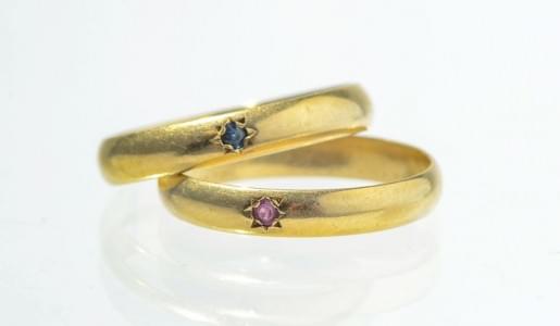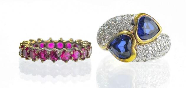 3074. Lot de deux anneaux sertis l'un d'un rubis, l'autre d'un saphir
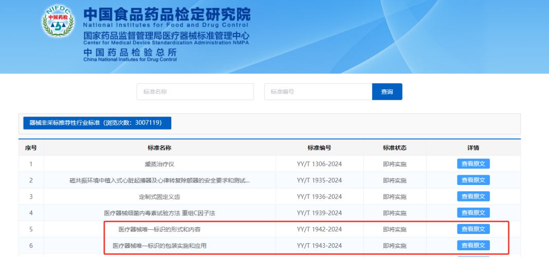 查询路径:中国食品药品检定研究院官网首页—数据查询—医疗器械标准—器械非采标推荐性行业标准
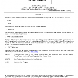 Aluminum Alloy, Sheet 4.0Cu – 1.0Li – 0.40Mg – 0.35Ag – 0.13Zr (2195-T8) Solution Heat Treated, Cold Worked, and Artificially Aged
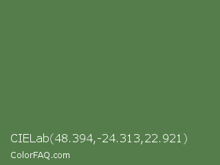 CIELab 48.394,-24.313,22.921 Color is a normal green color and the nearest color is Hippie Green #53824b. Hex code #557d4b and RGB value is rgb(85,125,75). In RGB color space, this color is composed of 33% red, 49% green, 29% blue, In CMYK color space, this color is composed of 32% cyan, 0% magenta, 40% yellow , 51% black , In HSL color space, this color has a hue angle of 108° , 25% saturation and 39% lightness.

Problem requirements:
Copy, without the pictures, exactly the lines from the line with "Aluminum Alloy, Sheet" through the end of the material above, both ends included.

Result of this exercise:
 Aluminum Alloy, Sheet 4.0Cu – 1.0Li – 0.40Mg – 0.35Ag – 0.13Zr (2195-T8) Solution Heat Treated, Cold Worked, and Artificially Aged
 CIELab 48.394,-24.313,22.921 Color is a normal green color and the nearest color is Hippie Green #53824b. Hex code #557d4b and RGB value is rgb(85,125,75). In RGB color space, this color is composed of 33% red, 49% green, 29% blue, In CMYK color space, this color is composed of 32% cyan, 0% magenta, 40% yellow , 51% black , In HSL color space, this color has a hue angle of 108° , 25% saturation and 39% lightness.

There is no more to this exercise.